(Records from a collection)
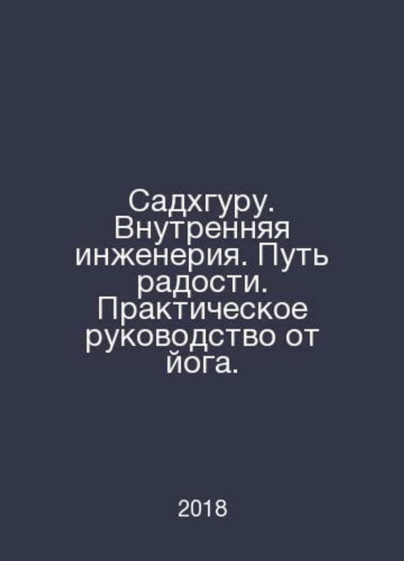 Sadhguru. Inner Engineering. The Path of Joy. A Practical Guide from Yoga. In Russian /Sadkhguru. Vnutrennyaya inzheneriya. Put radosti. Prakticheskoe rukovodstvo ot yoga. Series: The Great Teachers of Modernity. M. Eksmo, 2018. Contact us for details or to request photos of available books. Delivery of this book could take longer than normal due to additional handling time before shipping, and no rush delivery options are available. Please let us know if you have a specific date by which you need to receive your order. SKUalbc161448758194211
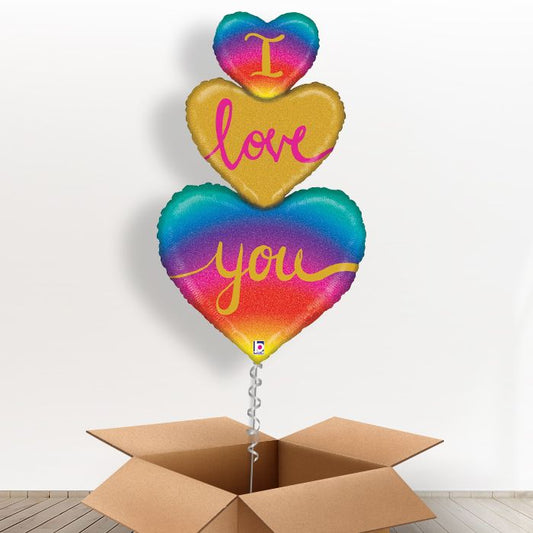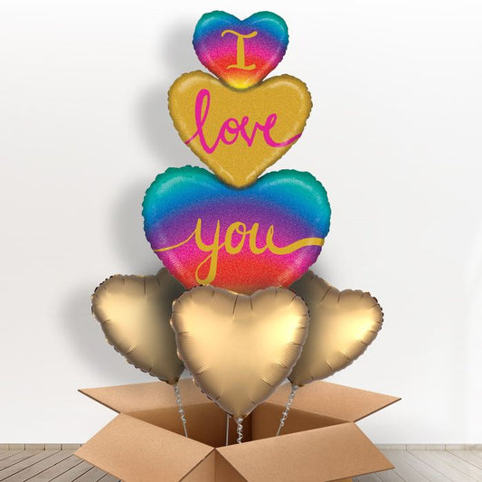 I Love You Balloons in a Box (Rose Gold Hearts)
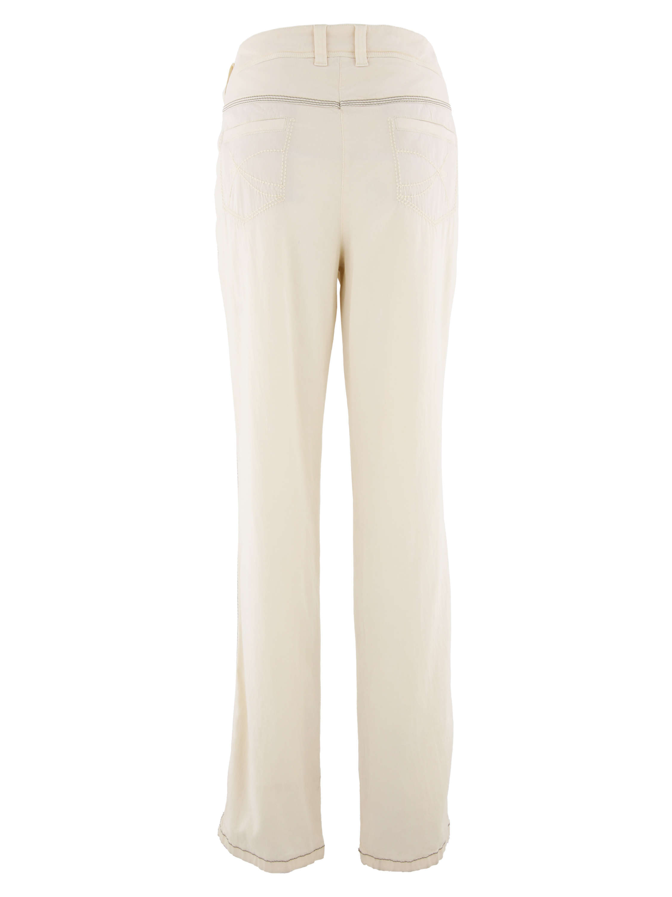 Pants from Sportalm in a cream color. There are mocha brown stitching along the edge of the pockets, the side and the bottom of the legs. These pants can be washed at 30 degrees.
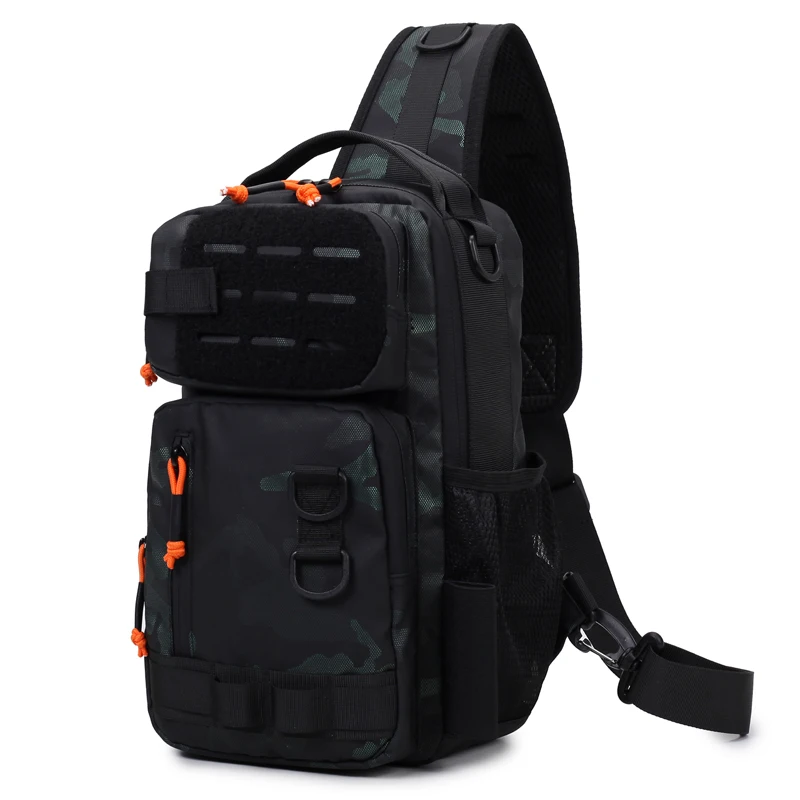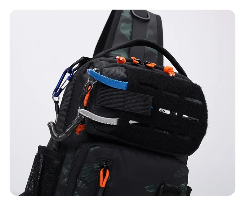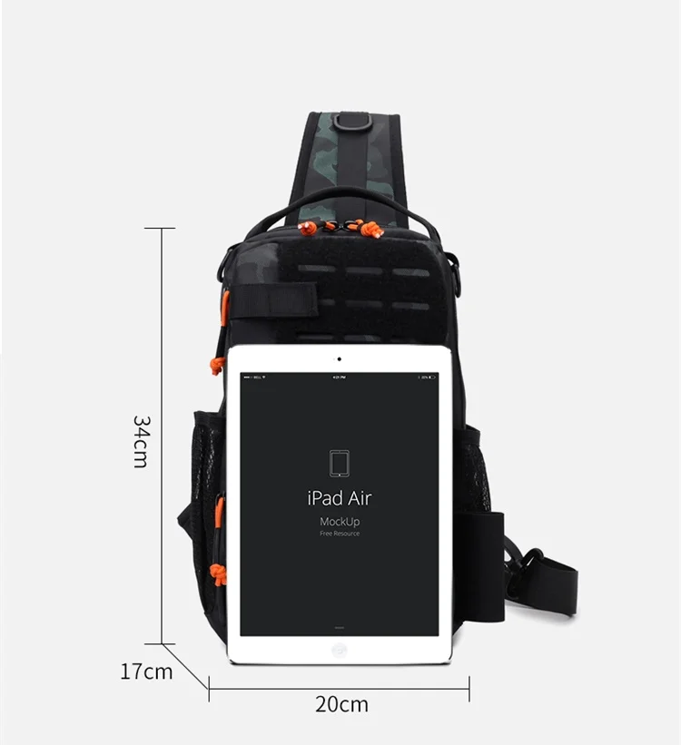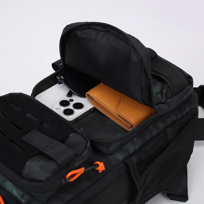 Equipada con un sistema de eslinga MOLLE, esta bolsa de pecho permite sujetar fácilmente bolsas y accesorios adicionales, mejorando su funcionalidad.
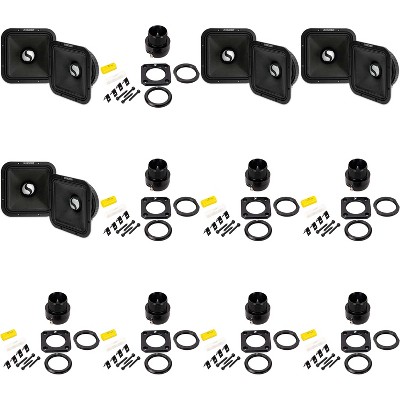 This exclusive bundle features top-notch car audio equipment including 3x Kicker 49ST9MR4 9" Street Series Square Mid-Bass speakers and 6x Kicker 49ST3TW ST3TW 1" Street Series Dual Mount Bullet Tweeters. Designed for competition-level SPL systems, these speakers deliver exceptional clarity and power. The 9" mid-bass speakers boast 300 watts RMS power handling and a wide frequency range of 80-5.5k Hz. They feature a square cone design for increased output and high sensitivity, perfect for vocals in loud environments. With a 4-ohm impedance and 600 watts peak power handling, the mid-bass speakers are a standout choice for audiophiles. The 1" bullet tweeters offer 106 dB sensitivity and a frequency response of 3.5k-20k Hz. Featuring an aluminum dome and horn-loaded design, these tweeters excel at delivering clear vocals to complement high-output bass. With an included trim bezel for surface mounting and spring-loaded terminals, installation is a breeze. The tweeters can handle up to 100 watts of peak power and come with in-line 6dB crossovers for seamless integration. Upgrade your car audio system with this powerful and dynamic bundle from Kicker.
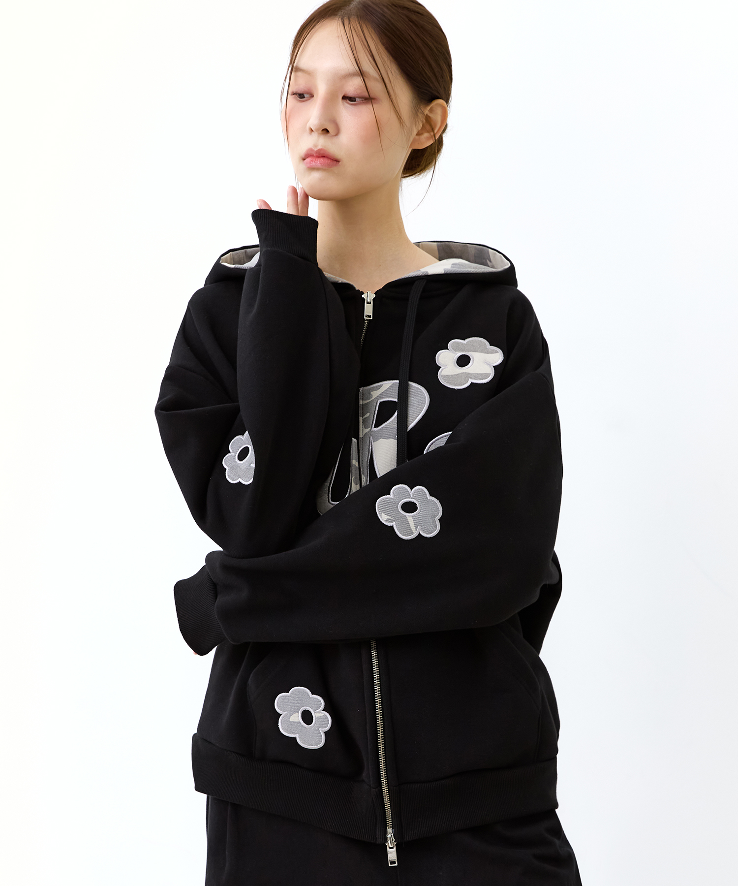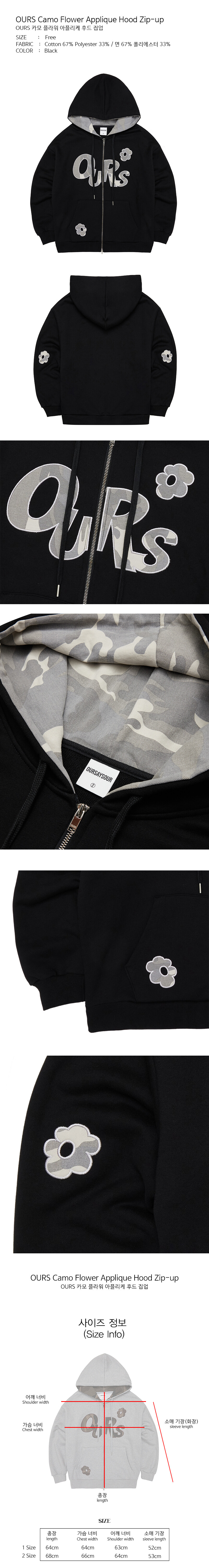 OURS 카모 플라워 아플리케 후드집업 블랙
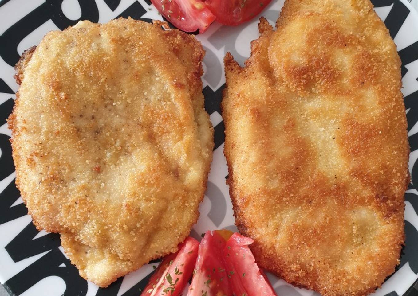 - Rebozamos las pechugas en huevo batido, escurrimos el exceso de huevo y luego lo pasamos por pan rallado. Si queremos podemos mezclar el pan rallado con perejil picado y ajo en polvo para que tenga otro sabor
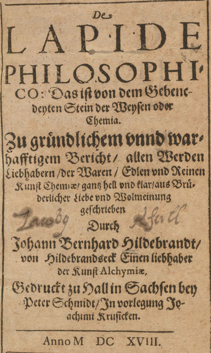 De lapide philosophico, das ist, Von dem Gebenedeyten Stein der Weysen oder Chemia : zu gründlichem vnnd warhafftigem Bericht, allen Werden Liebhabern, der Waren, Edlen und reinen Kunst Chemiae, gantz hell vnd klar, aus brüderlicher Liebe und Wolmeinung geschrieben / durch Johann Bernhard Hildebrandt, von Hildebrandseckt einen Liebhaber der Kunst alchymiae
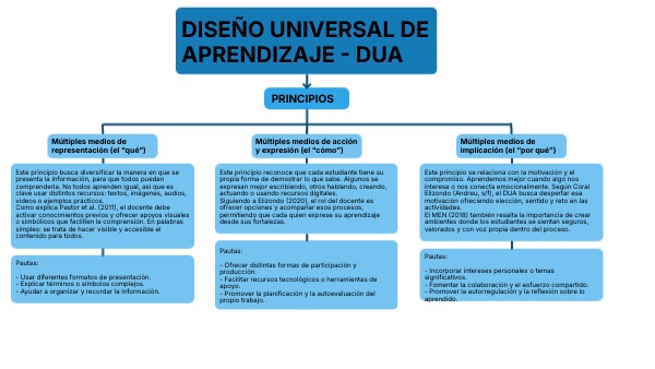 Este principio se relaciona con la motivación y el compromiso. Aprendemos mejor cuando algo nos interesa o nos conecta emocionalmente. Según Coral Elizondo (Andreu, s/f), el DUA busca despertar esa motivación ofreciendo elección, sentido y reto en las actividades. El MEN (2018) también resalta la importancia de crear ambientes donde los estudiantes se sientan seguros, valorados y con voz propia dentro del proceso.
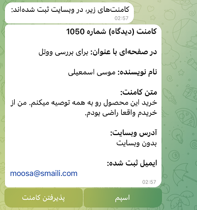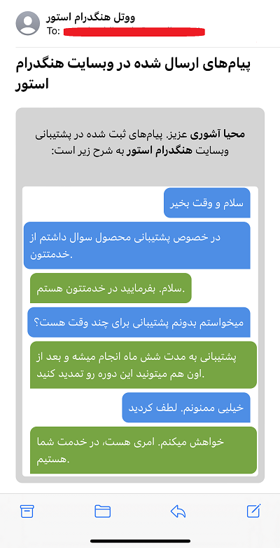 ووتل، سابقهی پیامها را برای مخاطب، ایمیل خواهد کرد. بنابراین، حتی در صورتیکه کاربر وبسایت را ترک کرده باشد، پاسخهای شما به دست ایشان خواهد رسید.
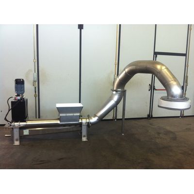 The screened material passes from the inlet hopper down to a pressing chamber. In this chamber, a friction cylinder removes the water content and compacts the material at a speed configured on the oil hydraulic control unit. The compacted material is then fed through a pressurized pipe to a container. The water removed from the material is collected and can then be treated. This machine offers many benefits, both financial (lower transport and disposal costs) and functional (moves better than traditional belts; no bad smells thanks to the sealed installation, and absolute hygiene because a polyethylene case can be fitted at the end of the outlet pipe for bagging all the compacted material).
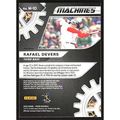 This is a 2020 Panini Prizm Machines Silver Rafael Devers baseball card. The card is #M-10 and pictures show condition.

▶ **What is required**
For this exercise, reproduce exactly the lines of the records above from the one with "OURS 카모 플라워 아플리케 후드집업 블랙" up to and including the one with "- Rebozamos las", without pictures.

▶ **Response**
 OURS 카모 플라워 아플리케 후드집업 블랙
 - Rebozamos las pechugas en huevo batido, escurrimos el exceso de huevo y luego lo pasamos por pan rallado. Si queremos podemos mezclar el pan rallado con perejil picado y ajo en polvo para que tenga otro sabor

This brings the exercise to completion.